14. Not surprisingly, all of Defendant’s independent medical examiners have concluded likewise. The first of these, Dr. Boucher, an occupational medicine specialist, examined Claimant in February 2009. Among his pertinent findings:
• Claimant exhibited only minimally decreased cervical range of motion, with no evidence of radiculopathy;
• Claimant did not complain of any tenderness in her left buttock, and exhibited normal low back and hip motion, all of which indicated that her original injury – a left buttock contusion – had resolved;
• Claimant’s diffuse complaints, which included statements such as “all over pain” and “everything is different than before my injury,” were almost certainly psychogenic in origin and completely unrelated to her work injury; and
• Claimant exhibited a high degree of symptom magnification and somatic overlay, as well as possible drug-seeking behavior.
15. Dr. Boucher concluded to a reasonable degree of medical certainty that Claimant had reached an end medical result for her work-related injury, with no permanent impairment and an unrestricted work capacity.
16. Claimant underwent a second independent medical examination, this time with Dr. Levy, a board certified neurologist, in March 2010. As Dr. Boucher had, Dr. Levy concluded that Claimant’s work-related injury consisted solely of a left buttock contusion, which had long since resolved. In addition, according to Dr. Levy:
• There is no scientific evidence that fibromyalgia is traumatically induced; therefore, there is no basis for concluding that Claimant’s buttock contusion evolved in that manner;
• Had Claimant traumatized a cervical disc in her July 2008 fall, she likely would have experienced significant neck pain and radicular symptoms shortly thereafter, not three months or more later; and
• Claimant’s cervical radiculopathy is likely due to the natural progression of age-related degenerative disc disease, not trauma.
5
17. I find the rationale underlying Dr. Levy’s opinions persuasive in all respects.
18. Most recently, at Defendant’s request Dr. Binter, a board certified neurosurgeon, conducted a medical records review in January 2012.2 Dr.

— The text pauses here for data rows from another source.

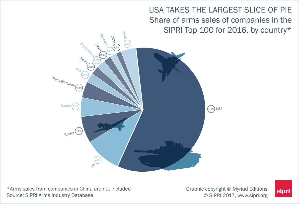 Per quanto riguarda le vendite a capo della classifica ci sono ancora una volta Stati Uniti, Russia, Cina, Francia e Germania, che hanno contribuito il 74 per cento delle esportazioni totali. Usa e Russia, da soli, hanno raggiunto il 56 per cento.
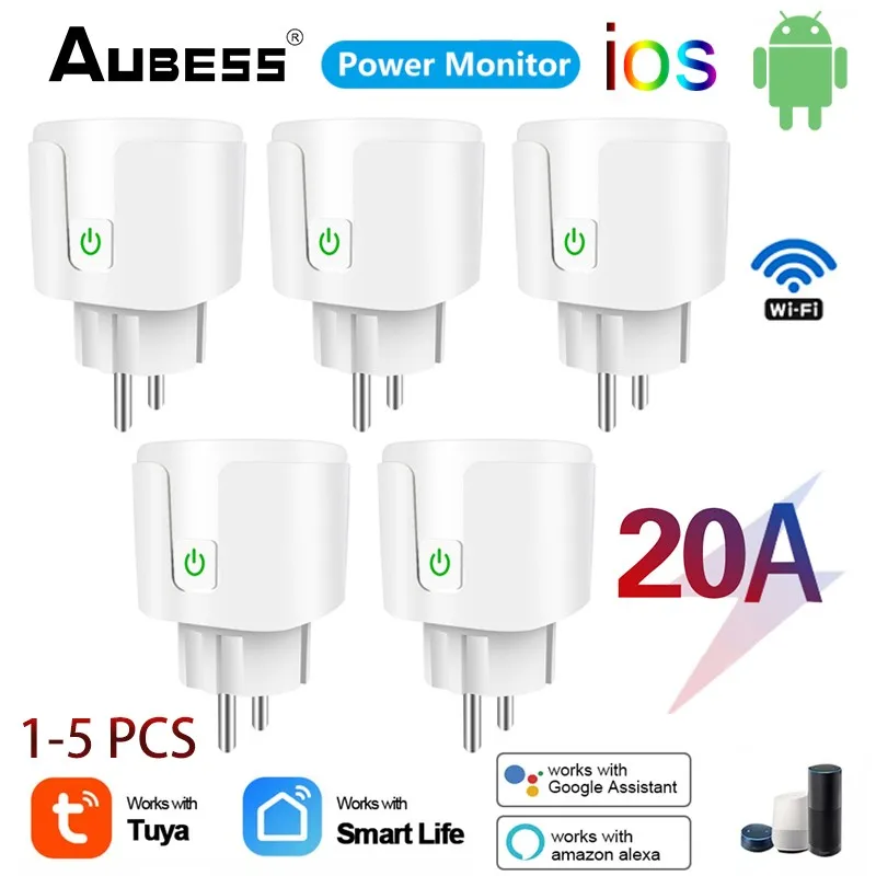 Смарт-розетка Tuya, Wi-Fi, 20 А, с голосовым управлением
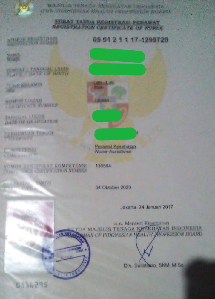 Surat Tanda Registrasi Perawat milik IK (46) terbit pada 2017 dan berakhir di 2020 lalu, dan saat ini menjalani profesi sebagai wartawan media online.
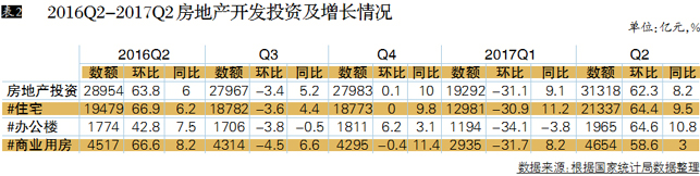 投资:开发投资增幅上了新台阶。房地产投资月度累计增幅2016年下半年是5.3-6.9%区间,今年上半年8.5-9.3%区间。平台上移,波幅降低。上半年住宅中的大面积房型投资增幅高于其他商品房。投资指向鲜明。投资增幅144平方米以上住房是13.6%,其中高档公寓和别墅是15.5%;而90平方米及以下住房则是-7.7%;办公楼和商业营业用房则分别是4.8%和5.0%。
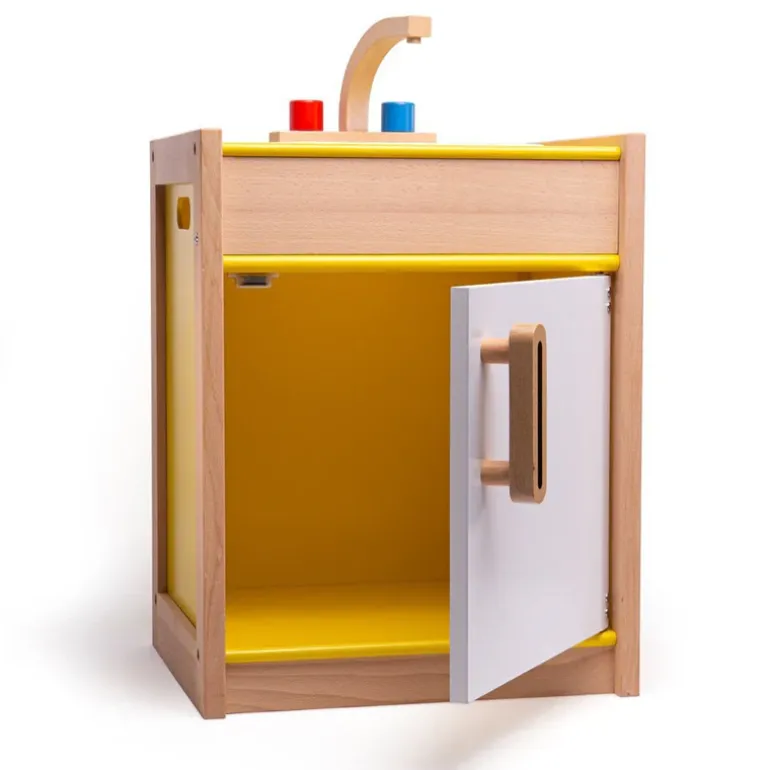 Complete your kitchen with a child-friendly sink to clean up those dirty dishes! The charming Tidlo wooden Play Sink has a tap, door, and storage under the sink for tiny trinkets. It even comes with a removable plastic tub for effortless cleaning.

Binter concluded to a reasonable degree of medical certainty that Claimant’s current cervical complaints are not causally related to her July 2008 fall at work in any respect. Her rationale was essentially the same as that propounded variously by Drs. Friscia, Boucher and Levy, that is:
• With a prior medical history of cervical complaints dating back to 2000, and no mention of new cervical symptoms until many months after her July 2008 fall, it is unlikely that the fall caused a cervical injury;
• Neither the March 2009 nor the September 2009 MRI studies showed pathology significant enough to explain the global pain and diffuse symptoms of which Claimant was complaining at the time;
• More than two years later, the May 2011 MRI study revealed a new disc herniation, which given the passage of time would not likely be related to Claimant’s original injury; furthermore, even that herniation is not causing enough cord compression to account for her symptoms; and
• Claimant’s longstanding history of anxiety, depression and Lyme disease might explain her hypersensitivity to pain and subsequent fibromyalgia-type symptoms.

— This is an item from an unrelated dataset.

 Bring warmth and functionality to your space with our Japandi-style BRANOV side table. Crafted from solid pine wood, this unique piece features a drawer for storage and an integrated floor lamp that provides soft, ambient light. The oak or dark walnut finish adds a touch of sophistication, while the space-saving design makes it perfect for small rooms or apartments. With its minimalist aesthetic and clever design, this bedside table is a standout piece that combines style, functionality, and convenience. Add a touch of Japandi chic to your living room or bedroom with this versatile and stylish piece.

19. In formulating her opinion, Dr. Binter particularly noted that some of her observations would not have been apparent to those who had not reviewed Claimant’s prior medical records, including both Dr. Woodworth and Dr. Edwards. I concur that analyzing Claimant’s prior medical history is critical to a full understanding of the causation issues in this case.
20. Dr. Binter recommended against fusion surgery as treatment for Claimant’s current condition. With a longstanding history of smoking, global pain complaints and narcotic medications, in Dr. Binter’s opinion the prognosis for post-surgical improvements in either pain or function is poor. I find this reasoning credible, though I acknowledge that a treating neurosurgeon, in close consultation with his or her patient, might weigh the potential risks and benefits differently.
2 Claimant had been scheduled to undergo an independent medical examination, but failed to appear.
6
CONCLUSIONS OF LAW:
1. In workers’ compensation cases, the claimant has the burden of establishing all facts essential to the rights asserted. King v. Snide, 144 Vt. 395, 399 (1984). He or she must establish by sufficient credible evidence the character and extent of the injury as well as the causal connection between the injury and the employment. Egbert v. The Book Press, 144 Vt. 367 (1984). There must be created in the mind of the trier of fact something more than a possibility, suspicion or surmise that the incidents complained of were the cause of the injury and the resulting disability, and the inference from the facts proved must be the more probable hypothesis. Burton v. Holden Lumber Co., 112 Vt. 17 (1941); Morse v. John E. Russell Corp., Opinion No. 40-92WC (May 7, 1993).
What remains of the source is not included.